The IMF has warned that it is likely to cut its 2012 growth projections, with the economy struggling with a worsening two-year euro zone debt crisis and sluggish U.S. growth. There are also signs from falling Chinese factory output that manufacturers are struggling with waning global demand and tighter credit conditions.
Credit is tightening and interbank spreads are going to the moon, expect a freeze on the first Euro bank failure in 2012.
She cautioned, however, that democratic government processes often made quick fixes difficult, saying the collision of market expectations with political reality must be resolved.Democracy, as in, "government by the people for the people" is making it difficult? Off course it is, looking at Greece and Italy, its by the banks and for the bankers, the peasants can wear austerity and suck it up.
Reality Will Jolt Australia
The National Australia Bank has fired a warning shot based on the rapid cooling of interbank lending.
NAB won't guarantee passing on future cuts
The National Australia Bank has warned that future official interest rate cuts might not be passed on in full to its customers. The NAB has cited the higher cost of sourcing money on global markets, and continuing uncertainty from the Eurozone debt crisis.
The Australian economy is based on a debt fuelled Property Ponzi, it needs cheap credit and lots of it or like all Ponzi schemes it collapses.
Meanwhile, the Swiss are under no illusions.
The Swiss Government Is Getting Ready For The Collapse Of The Euro
The Swiss government is preparing for a collapse of the euro, according to Swiss Finance Minister Eveline Widmer-Schlumpf.
She told parliament that a work group was studying the imposition of capital controls and negative interest rates to protect Switzerland from the capital flight that a euro collapse would engender (Handelsblatt).
A tidal wave of euros would drive up the Swiss franc, devastate Switzerland’s export economy, and devalue its vast wealth invested in other countries.

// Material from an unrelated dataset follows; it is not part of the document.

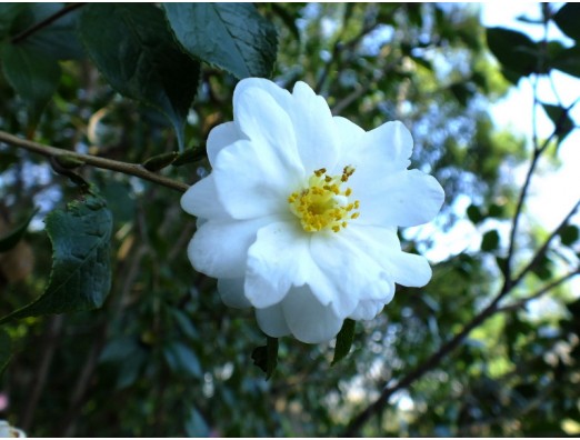 (椿)、キクカチャ(菊花茶)(Theaceae Camellia) ツバキ科 カメリア属 花期、1~3月 樹高、2~3m 中国原産、日本へは1980頃、花径3~4cm、白色の花を咲かせる、長弁短柱茶(十里香)の八重咲種。 2014年3月9日現在、キンカチャ(金花茶)は蕾硬しでした。
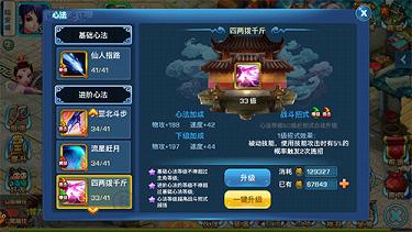 玩家可通过修炼心法(战斗技能),不断提升自己的战斗实力。游戏中,可修炼的最高心法等级与角色等级相同,角色等级愈高,心法等级亦可随之提升。提升心法需消耗一定的阅历,而所需阅历可通过任务、副本、活动等多种途径获得。

Signs of a Bank Run Starting
New Signs Of “Invisible” Bank Run in Southern Europe
The clients want their money, and they want it in cash. Whether it’s because they need it to get by, or because they fear the drachma will return, many Greeks are pulling their money out of their banks. The hemorrhage is so big it threatens to sink some banks altogether.
The situation looks critical in other euro zone crisis countries as well. So far, bank customers wanting to withdraw their money haven’t suddenly descended on the banks in droves. But in Ireland, Spain and Italy, an invisible – though no less threatening – bank run is ongoing. Statistics from national central banks show that billions of euros are flowing out of Irish, Spanish, Italian and even French banks.
The most flagrant example is Greece. There, since the end of 2009, deposits in commercial banks have dropped 25%, down 60 billion euros to 180 billion euros as of this past October. In Spain and Italy too, business clients in particular are turning away from their banks. "Companies have started withdrawing their funds from banks in Spain, Italy, France and Belgium," says Kinner Lakhani, an analyst at U.S. banking giant Citi.
At the two biggest Spanish banks, BBVA and Santander, deposits by businesses and institutional investors fell by more than 10% in the third quarter alone. Italy‘s Unicredit also lost 10% of its deposits, while rival Intesa suffered a whopping 16% loss. Also affected by lack of client confidence are some French banks, particularly Société Générale, but also market leader BNP Paribas.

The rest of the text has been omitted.